Segment Open

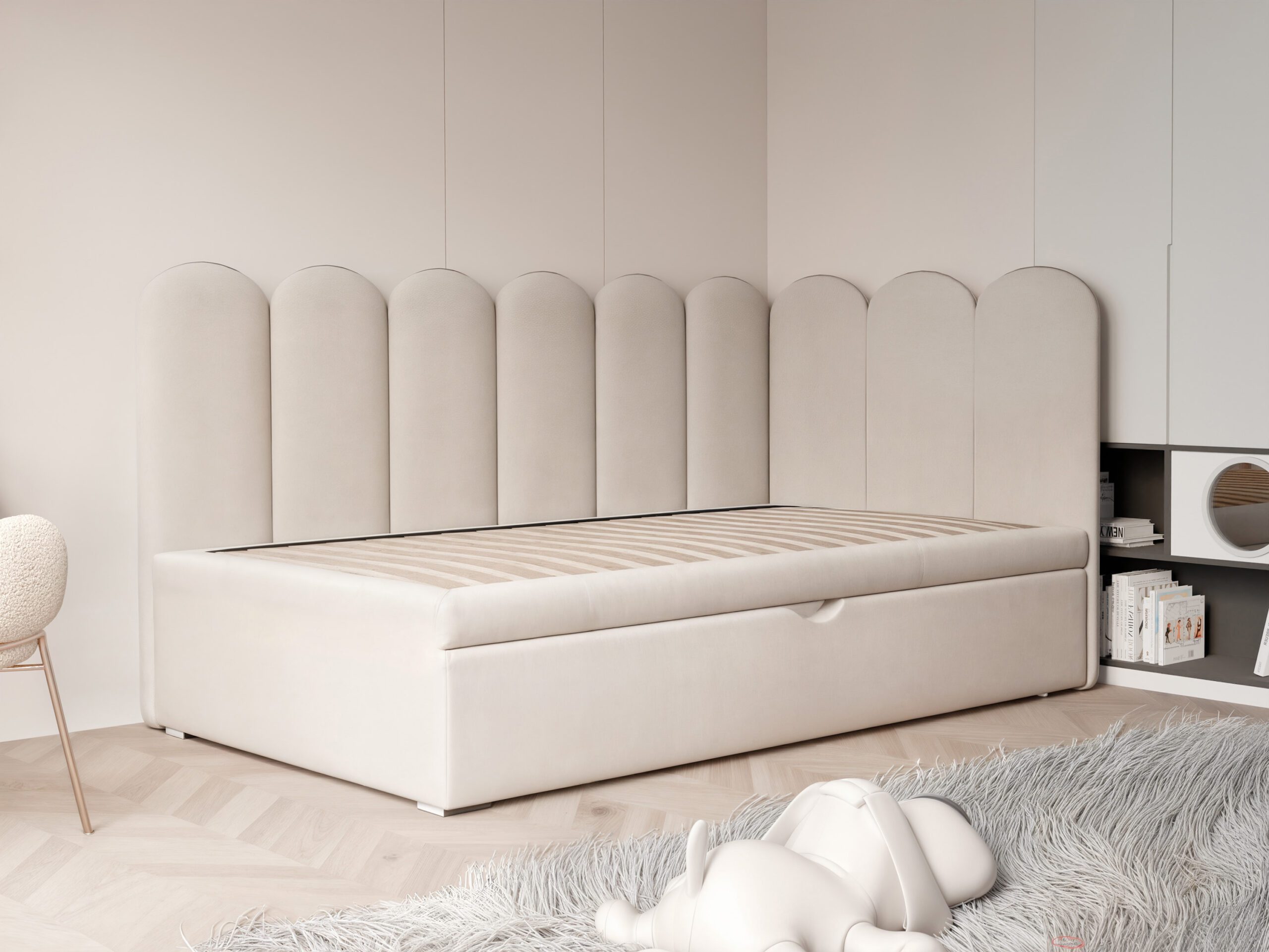 Forma mebla nawiązuje do świata dziecięcej wyobraźni i nadaje wnętrzu przyjazny charakter. Design sprawia, że mebel staje się naturalnym elementem pokoju dziecka, a nie tylko jego wyposażeniem.
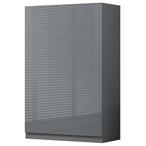 FWStyle 3 Door Triple Wardrobe with Hanging space and shelves - H180 X W120 X D50cm (Grey Gloss)
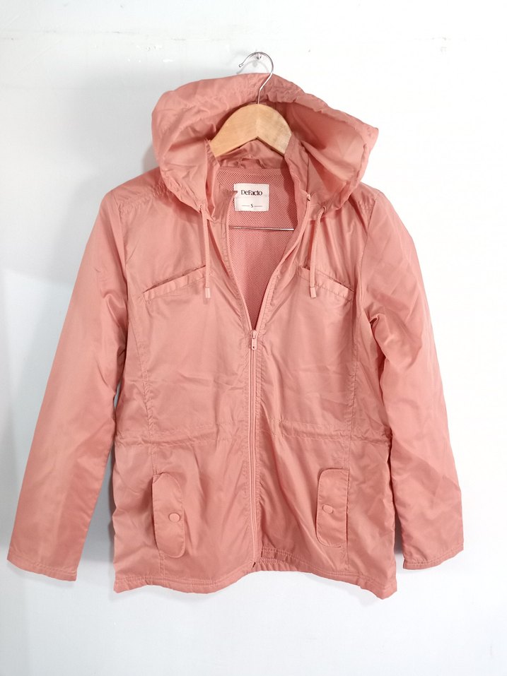 Gülpembe yağmurluk DeFacto boy 67 göğüs 50 Pastel pembe renkli kadın ceketi, kapüşonlu ve düğmeli ceplerle birlikte bol kesimdir. Sentetik kumaştan yapılmıştır ve dış mekan kullanımı için uygundur.
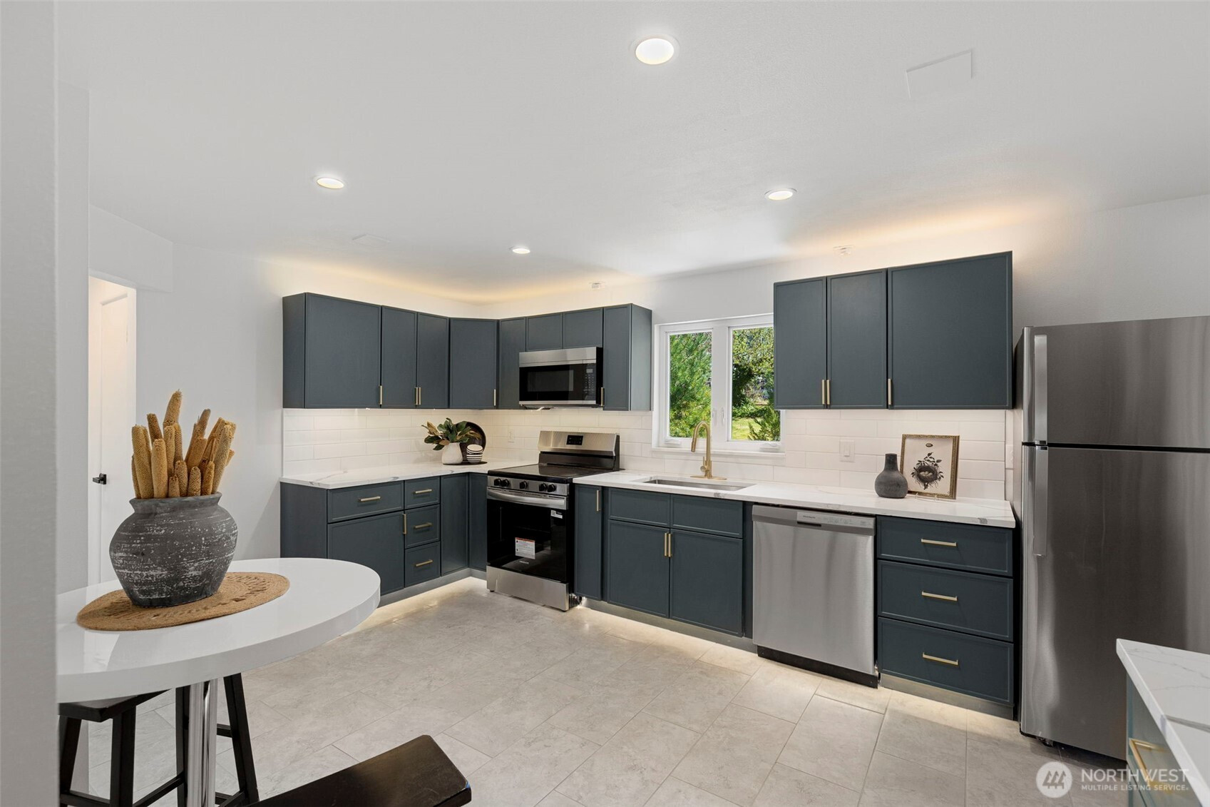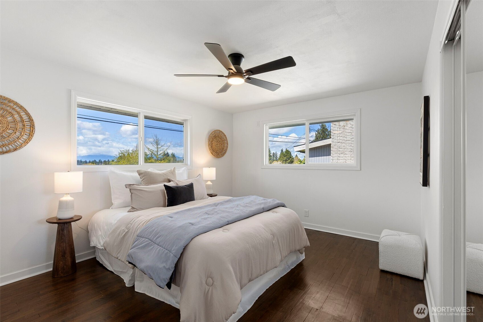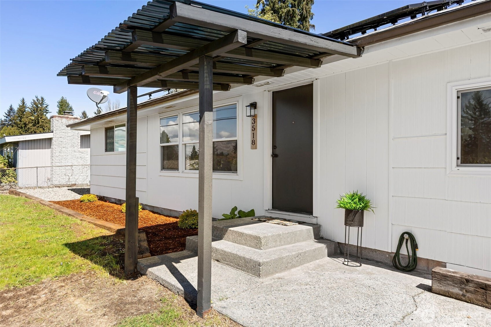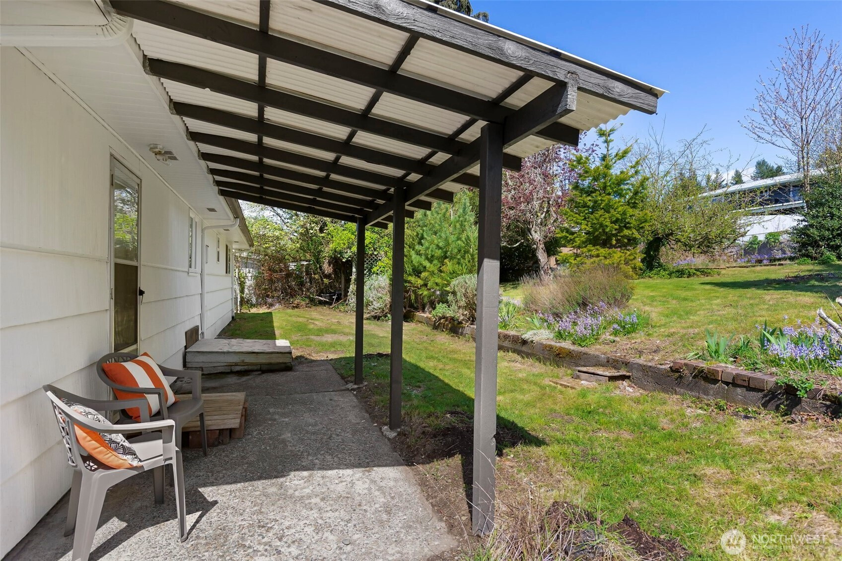 Completely reimagined and effortlessly stylish, this stunning single-level home offers modern living at its finest. The front yard hedges frame the Olympic Mountain range beautifully allowing you to capture stunning sunsets and year around views inside and out. From the moment you step inside, you're welcomed by refinished natural hardwood flooring that flows throughout paired with new stone tile, creating a warm and cohesive feel. The beautifully updated kitchen is a true showpiece, featuring new cabinetry accented with striking gold hardware, gleaming stainless steel appliances, and elegant white marbled quartz countertops that bring both sophistication and function together. The bathroom has been thoughtfully updated with contemporary finishes andclean, modern touches. Step outside to a covered patio perfect for year-round entertaining or quiet relaxation, all surrounded by mature landscaping that provides both beauty and privacy. Enjoy the benefits of the solar panels offering peace of mind and energy efficieney for years to come. With its single-level layout, high-end finishes, and turn-keycondition, this home delivers the perfect blend of comfort, style, and smart living.

Segment Closed

**What to produce:** Each line of the material above should be set down exactly, with no pictures.

**Worked solution:**
 Forma mebla nawiązuje do świata dziecięcej wyobraźni i nadaje wnętrzu przyjazny charakter. Design sprawia, że mebel staje się naturalnym elementem pokoju dziecka, a nie tylko jego wyposażeniem.
 FWStyle 3 Door Triple Wardrobe with Hanging space and shelves - H180 X W120 X D50cm (Grey Gloss)
 Gülpembe yağmurluk DeFacto boy 67 göğüs 50 Pastel pembe renkli kadın ceketi, kapüşonlu ve düğmeli ceplerle birlikte bol kesimdir. Sentetik kumaştan yapılmıştır ve dış mekan kullanımı için uygundur.
 Completely reimagined and effortlessly stylish, this stunning single-level home offers modern living at its finest. The front yard hedges frame the Olympic Mountain range beautifully allowing you to capture stunning sunsets and year around views inside and out. From the moment you step inside, you're welcomed by refinished natural hardwood flooring that flows throughout paired with new stone tile, creating a warm and cohesive feel. The beautifully updated kitchen is a true showpiece, featuring new cabinetry accented with striking gold hardware, gleaming stainless steel appliances, and elegant white marbled quartz countertops that bring both sophistication and function together. The bathroom has been thoughtfully updated with contemporary finishes andclean, modern touches. Step outside to a covered patio perfect for year-round entertaining or quiet relaxation, all surrounded by mature landscaping that provides both beauty and privacy. Enjoy the benefits of the solar panels offering peace of mind and energy efficieney for years to come. With its single-level layout, high-end finishes, and turn-keycondition, this home delivers the perfect blend of comfort, style, and smart living.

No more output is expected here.